INSTRUCTIONS FOR THE TASK.
When you retype the data, keep every word exactly and include none of the pictures.

Records from a data collection:

>>>

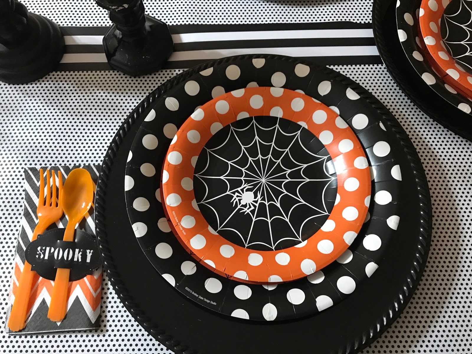 I used polka dot Hobby Lobby wrapping paper as my table covers. I strung paper ribbon down the middle….
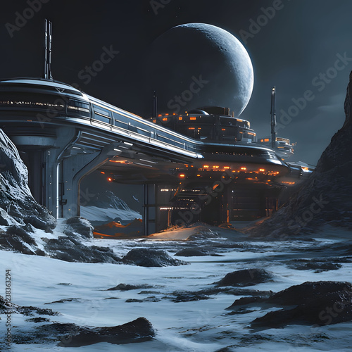 Wall mural space station on a distant moon with a large planet looming in the night sky. generative ai - Wall murals Wall mural space station on a distant moon with a large planet looming in the night sky. generative ai - Wall murals
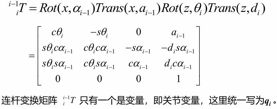 所以这样如果对于移动关节,那么只有偏置是一个变量;而对于转动关节其关节角
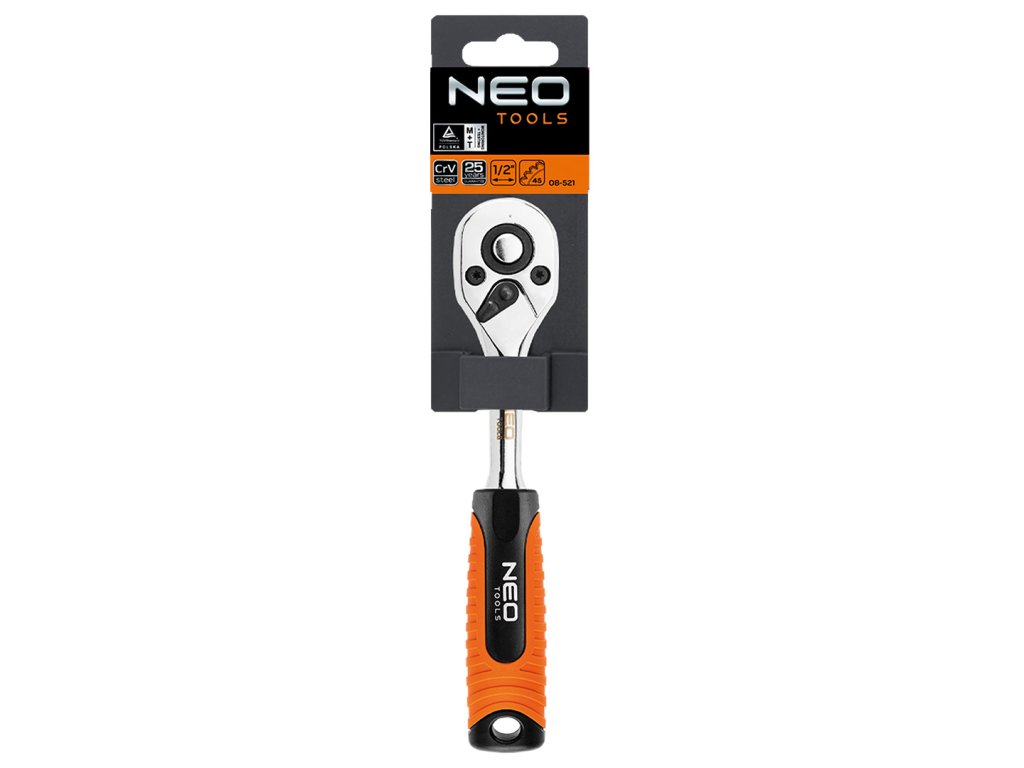 NEO 1/2" račňa (ref. 08-521) s dĺžkou 265 mm, s telom z chróm-vanádiovej ocele, vyrobená v súlade s normou DIN 3122. 45-zubový račňový mechanizmus je vyrobený z mimoriadne odolnej chróm-molybdénovej ocele, ktorá predlžuje životnosť nástroja. Ergonomická rukoväť z dvoch materiálov zvyšuje pohodlie pri práci. Kvalita náradia potvrdená certifikátom TÜV a 25-ročnou zárukou výrobcu. Značka NEO spĺňa očakávania profesionálov.
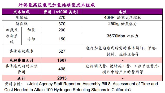 為了比較不同類型加氫站的建設成本,我們以2015財年,加州三種不同類型加氫站的建設成本為例進行分析。
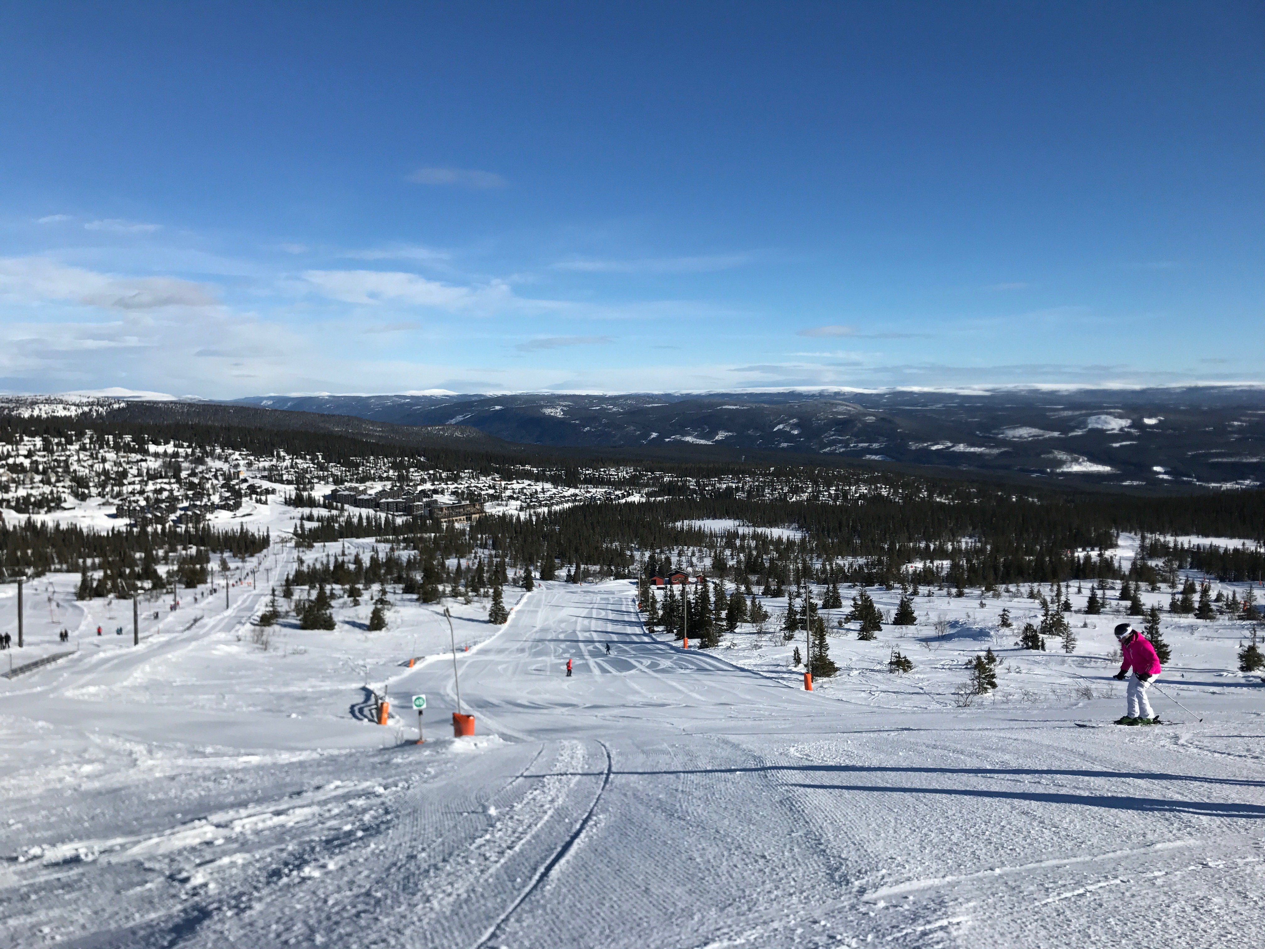 Je kunt in Trysil op meerdere plaatsen overnachten. Het fijne van de accommodaties is dat je in de meeste gevallen skiet tot aan de voordeur. Zo sliepen wij in het Radison Blu Mountain Resort, dat letterlijk op de piste staat. Het hoogste punt van het skigebied ligt op slechts 1132 meter. Als je er nog nooit geweest bent, dan is het moeilijk om je daar iets bij voor te stellen. Het klinkt niet alleen laag, het is ook laag. Anders dan in de Alpen heb je in Trysil niet een uitzicht over ruige bergtoppen, maar zie je een heuvelachtig landschap vol bomen. Je kunt de skigebieden van Zweden gemakkelijk zien en zelfs nog verder kijken. Behoorlijk indrukwekkend allemaal! Je vraagt je natuurlijk gelijk af of je wel genoeg meters kunt maken en of er überhaupt wel iets te skiën valt. Gelukkig kan ik je daarin gelijk geruststellen, want wat skiën betreft zul je je in Trysil niet snel vervelen. Als je van het hoogste punt helemaal naar het dal skiet (+/- 400 meter), dan ben je al snel zo’n 6 à 7 kilometer onderweg. Daarnaast kun je door het hele gebied allerlei leuke tochten maken en merk je helemaal niet dat het zo laag is.

<<<

THE COMPLETED TASK.
 I used polka dot Hobby Lobby wrapping paper as my table covers. I strung paper ribbon down the middle….
 Wall mural space station on a distant moon with a large planet looming in the night sky. generative ai - Wall murals Wall mural space station on a distant moon with a large planet looming in the night sky. generative ai - Wall murals
 所以这样如果对于移动关节,那么只有偏置是一个变量;而对于转动关节其关节角
 NEO 1/2" račňa (ref. 08-521) s dĺžkou 265 mm, s telom z chróm-vanádiovej ocele, vyrobená v súlade s normou DIN 3122. 45-zubový račňový mechanizmus je vyrobený z mimoriadne odolnej chróm-molybdénovej ocele, ktorá predlžuje životnosť nástroja. Ergonomická rukoväť z dvoch materiálov zvyšuje pohodlie pri práci. Kvalita náradia potvrdená certifikátom TÜV a 25-ročnou zárukou výrobcu. Značka NEO spĺňa očakávania profesionálov.
 為了比較不同類型加氫站的建設成本,我們以2015財年,加州三種不同類型加氫站的建設成本為例進行分析。
 Je kunt in Trysil op meerdere plaatsen overnachten. Het fijne van de accommodaties is dat je in de meeste gevallen skiet tot aan de voordeur. Zo sliepen wij in het Radison Blu Mountain Resort, dat letterlijk op de piste staat. Het hoogste punt van het skigebied ligt op slechts 1132 meter. Als je er nog nooit geweest bent, dan is het moeilijk om je daar iets bij voor te stellen. Het klinkt niet alleen laag, het is ook laag. Anders dan in de Alpen heb je in Trysil niet een uitzicht over ruige bergtoppen, maar zie je een heuvelachtig landschap vol bomen. Je kunt de skigebieden van Zweden gemakkelijk zien en zelfs nog verder kijken. Behoorlijk indrukwekkend allemaal! Je vraagt je natuurlijk gelijk af of je wel genoeg meters kunt maken en of er überhaupt wel iets te skiën valt. Gelukkig kan ik je daarin gelijk geruststellen, want wat skiën betreft zul je je in Trysil niet snel vervelen. Als je van het hoogste punt helemaal naar het dal skiet (+/- 400 meter), dan ben je al snel zo’n 6 à 7 kilometer onderweg. Daarnaast kun je door het hele gebied allerlei leuke tochten maken en merk je helemaal niet dat het zo laag is.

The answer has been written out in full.